Why Don’t They “Just Do It”?

I spend a lot of time coaching owners, managers, trainers, and frontline professionals on how to positively handle people who aren’t living up to expectations. It can be so frustrating when people don’t do what we want them to do, what we need them to do, what we expect them to do.

Most of our frustration comes from a lack of control over what other people do or don’t do. And, we truly don’t have control over that. So, what do we do? How can we have a positive and productive impact on the behaviors of others?

I’ve found it helpful to ask myself four questions:

1)   Clarity: Are they crystal clear about my expectation?

We are often quick to answer this question affirmatively, but be extra careful here. We frequently think we’ve been clear with others but until they can repeat an expectation back to us correctly, we really don’t know if they actually do understand the expectation, why it is important, or the level of non-negotiability about it.

2)   Skill: Do they have the skills they need to accomplish it?

I once coached a manager with an employee whom she deemed to be highly disorganized. She established that the employee understood the expectation but discovered she did not possess the skill set to get and stay organized. I helped her locate some specific training for her, and she saw immediate and consistent improvement thereafter.

3)   Capacity: Are they physically, mentally, and emotionally capable of meeting the expectation?

On another occasion, I coached a new practice owner who had inherited an assistant who was in her late 60’s. She had been quite capable of keeping up with the pace of the retiring doctor but was struggling to physically adhere to the pace of the new one. She was clear and well-trained, but she did not have the physical capability to adequately manage the higher expectation. I’ve also seen similar incompatibility with employees in charge of some financial aspect of a business who are not capable of the mathematical accuracy required for bookkeeping or statistical analysis. If this is your challenge, be sure to consult an HR specialist as to the best way to reassign or replace this employee.

4)   Willingness: Are they willing to comply with the expectation?
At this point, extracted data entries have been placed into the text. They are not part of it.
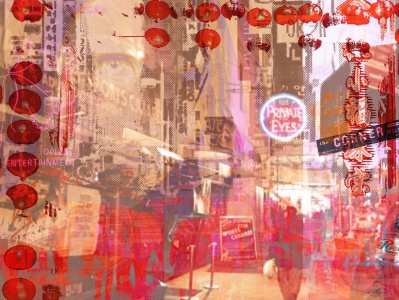 eine Basis, aus der Bilder-welten entstehen in schnellen, vielfältigen sequentiellen und auch parallelen Arbeits-schritten. Analoge Elemente, digitalisierte Fotos und Teile solcher werden verfremdet, abstrahiert und wieder zu neuen Werken zusammengefügt.
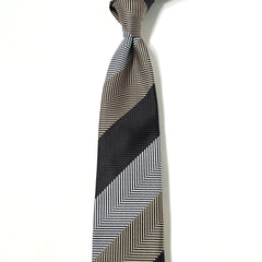 ヘリンボーンの地組織に3段ストライプを組み合わせたベーシックながらも奥行きを感じられるネクタイ。マンネリしたスーツスタイルの胸元に華を添えてくれます。こちらのネクタイはECOPET® (エコペット)という糸を使用しており、不要なペットボトルや衣料品や繊維くずより再生したサスティナブルな糸です。この糸を用いて京都伝統の西陣織で生地を織り上げ、現代のビジネススタイルに合わせて自宅で洗えるウォッシャブル仕様にした伝統と革新性が融合したサスティナブルなネクタイです。
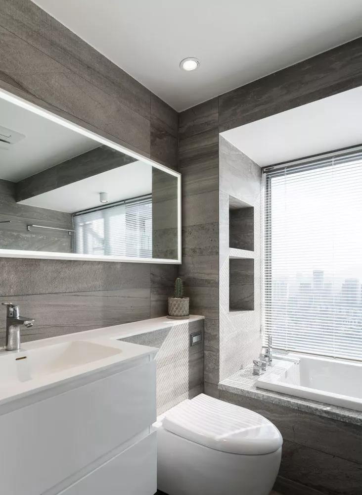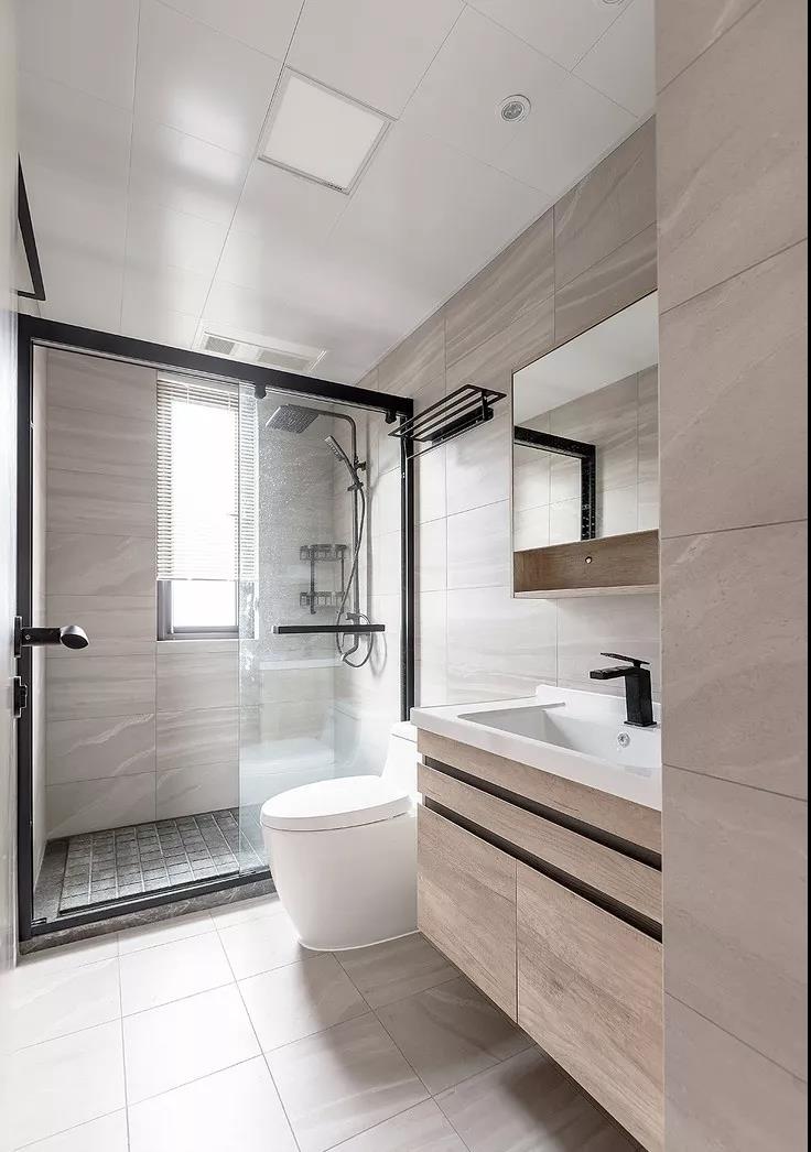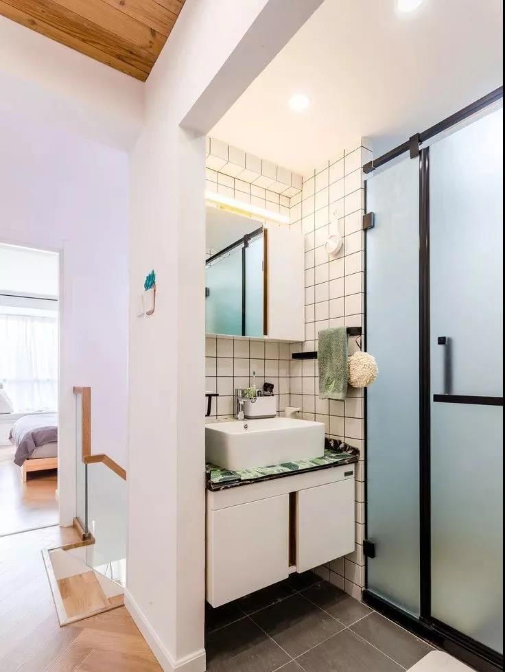 所以如果你家卫生间不是特别大,就不要想着把什么都塞进去了,浴缸拿掉,洗衣机拎出来,台盆独立出卫生间之外,你会发现小小的卫生间用起来还挺宽敞。
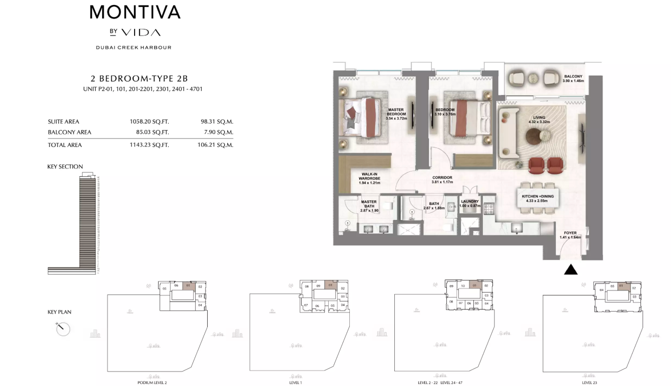Types: 1BR, 2BR, 3BR apartments

This may be the most challenging of all. Are they willing to do it? Sometimes, we’ve uncovered employees who just flat don’t agree with the way the company has decided to do things and therefore feel justified in refusing to do it that way. Other times, they have passive-aggressive or negative attitudes which cause them to buck the system and essentially refuse to comply. Again, if you’ve checked off the first three questions and find yourself on number 4, consult an HR specialist as to the best way to handle the refusal to comply.

I believe these questions are useful in both professional and personal situations. Is your spouse actually clear about what you need or expect? How do you know? Have you walked your child through the steps of the chore you expect them to complete? Are they physically, emotionally, or intellectually capable of complying, or are they simply not willing to do it?

Or what about an employee’s conversation about the expectations of their job? Have you been clear with your employer about what you expect in terms of your career development, aspirations, or work environment? Have you provided a way to accomplish these that work for both of you? Is your boss (or the business) capable of fulfilling what you need, or are they willing to even consider what you require?

All of these questions beg different answers and solutions and are helpful in determining how you can best manage and lead them to successful outcomes. Take control of what you can control and stop spending time and energy on what you can’t. Help those you are in a relationship with to meet the necessary requirements or transition to a place where the requirements will suit them better.

“Coaches know that for the future to be different, we need to change the way we do things in the present. More often, change involves shifts in attitudes, thinking, perceptions, and behavior.”